🤖 AI Summary
Large language models (LLMs) exhibit susceptibility to training data contamination on benchmarks such as AIME and Math500; existing detection methods—relying on lexical overlap or perplexity—suffer from poor generalization and fail to identify implicit contamination. To address this, we propose a novel memorization detection paradigm based on **digit-token probability activation trajectories**: contaminated samples exhibit premature answer locking (“shortcut reasoning”) in early Transformer layers, whereas clean samples accumulate evidence incrementally across layers, yielding discriminative dynamic trajectories. We further validate the causal validity and authenticity of these trajectories via LoRA-based fine-tuning to inject controlled contamination samples.

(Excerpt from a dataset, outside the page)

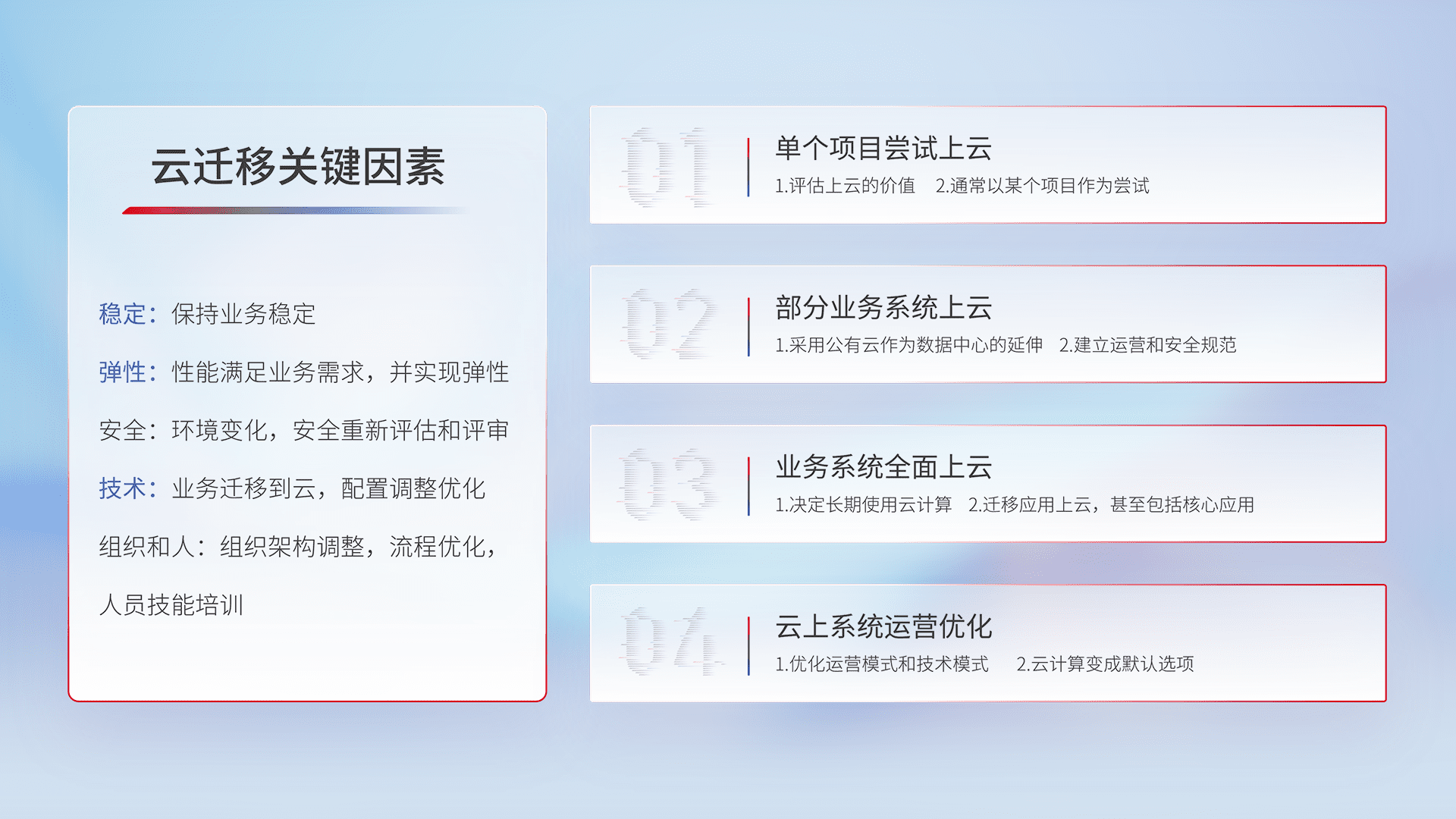 结合实际业务,,,从规划设计、、、、云平台选型、、、云原生改造、、、、数据迁移、、、集成交付,,迁移全过程为客户识别最佳上云路径,,,做好风险识别管理,,,,设计网络架构、、身份权限、、、、安全审计合规、、操作审计、、、日志审计、、、、监控告警策略、、多站点容灾设计等,,,,对云上基础设施进行整体规划,,,提升IT治理水平,,,,以满足弹性、、、、高可用、、高性能的需求。。。。

Our method significantly improves detection accuracy for implicit contamination, achieves superior cross-task generalization across multiple benchmarks, and provides an interpretable, empirically verifiable tool for trustworthy LLM evaluation.
📝 Abstract
Large language models (LLMs) are commonly evaluated on challenging benchmarks such as AIME and Math500, which are susceptible to contamination and risk of being memorized. Existing detection methods, which primarily rely on surface-level lexical overlap and perplexity, demonstrate low generalization and degrade significantly when encountering implicitly contaminated data. In this paper, we propose MemLens (An Activation Lens for Memorization Detection) to detect memorization by analyzing the probability trajectories of numeric tokens during generation. Our method reveals that contaminated samples exhibit ``shortcut'' behaviors, locking onto an answer with high confidence in the model's early layers, whereas clean samples show more gradual evidence accumulation across the model's full depth. We observe that contaminated and clean samples exhibit distinct and well-separated reasoning trajectories. To further validate this, we inject carefully designed samples into the model through LoRA fine-tuning and observe the same trajectory patterns as in naturally contaminated data. These results provide strong evidence that MemLens captures genuine signals of memorization rather than spurious correlations.